I could tell myself about how cowardly I’ll feel afterwards, how one punch can sear a reaction and guilt into my consciousness, no matter how drunk I am at the time. I think it would be easy to forewarn myself about how two pints will give you hangovers passed the age of 22 or which relationships will cause the most harm but I wouldn’t want to impede myself from the lessons I’ve learned.
I could tell myself that I’ll be the happiest in my career when I’m wiping down an empty bar after serving the unrelenting New Year’s Eve crowd at five o’clock in the morning on a zero hour contract.
Or perhaps, I could tell myself that I’ll be at my unhappiest when I’m waking at five o’clock in the morning to arrive at a nine to five desk job early enough to combat an exhaustive workload.
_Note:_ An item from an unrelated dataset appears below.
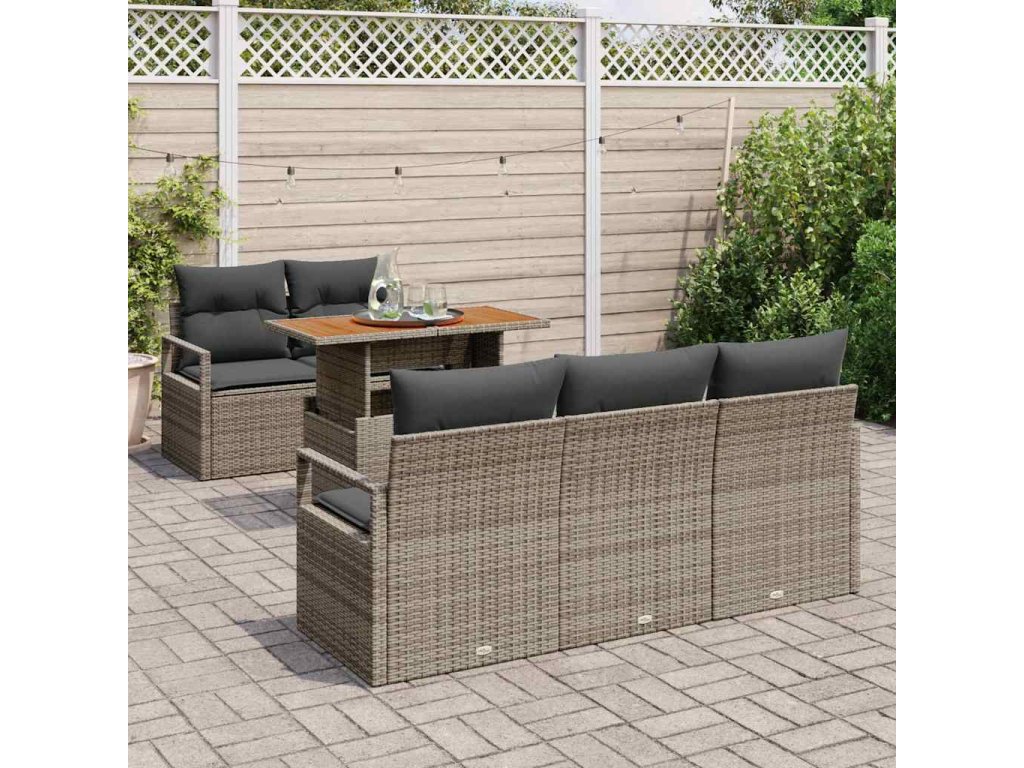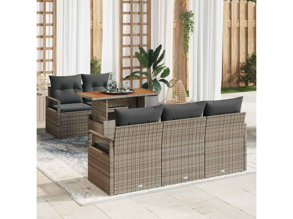 Sada zahradních pohovek s úložištěm 6 pcs Šedá Poly ratan

Again, much like my relationships, I wouldn’t want to forbid myself of these punishing experiences.
But, why wouldn’t you want to warn yourself? I hear you mumble into your mobile device, or at least I ask myself whilst waking in a cold sweat following a day of interviews. The truth being, I don’t think it’s the why, I think it’s the worry that concerns me. I worry about who I’d be today if I’d have received that letter from a future me.
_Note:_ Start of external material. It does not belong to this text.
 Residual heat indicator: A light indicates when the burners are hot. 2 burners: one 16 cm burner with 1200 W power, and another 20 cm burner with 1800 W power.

He’d likely be a safer, cautious and perhaps a well-adjusted individual who doesn’t need the aid of rain sounds to drown out his thoughts before falling asleep. If it’s all the same, I think it’s ok to have not heard from me, six years ago.
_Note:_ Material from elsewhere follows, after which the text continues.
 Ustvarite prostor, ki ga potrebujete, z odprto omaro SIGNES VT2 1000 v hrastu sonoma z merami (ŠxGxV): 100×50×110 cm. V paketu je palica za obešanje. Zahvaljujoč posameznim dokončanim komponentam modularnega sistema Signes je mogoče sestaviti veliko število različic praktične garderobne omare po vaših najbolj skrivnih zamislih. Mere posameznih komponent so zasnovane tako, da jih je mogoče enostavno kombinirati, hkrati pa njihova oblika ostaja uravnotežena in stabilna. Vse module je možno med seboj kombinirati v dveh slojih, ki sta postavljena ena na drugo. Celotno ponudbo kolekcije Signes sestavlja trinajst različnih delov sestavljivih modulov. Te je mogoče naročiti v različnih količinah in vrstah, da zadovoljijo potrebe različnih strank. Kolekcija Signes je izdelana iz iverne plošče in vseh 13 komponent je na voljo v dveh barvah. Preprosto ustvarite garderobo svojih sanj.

I recently watched Avengers: Endgame again, I think we’re on the twentieth showing in our household now. The time travel always fascinates me, Bruce Banner explains it best how if one is to change something in the past, they’ll create a new timeline, a branched reality of the current lineage. If there’s any truth in the matter then I’d like to think there is a reality I’ve written to my younger self and I’ve made somewhat of a more successful life for myself because of it.
But for now, I’m happy selling metaphorical three-legged chairs in a parallel universe and that’s ok too.
So, interviewer, what happened? I took a different career path.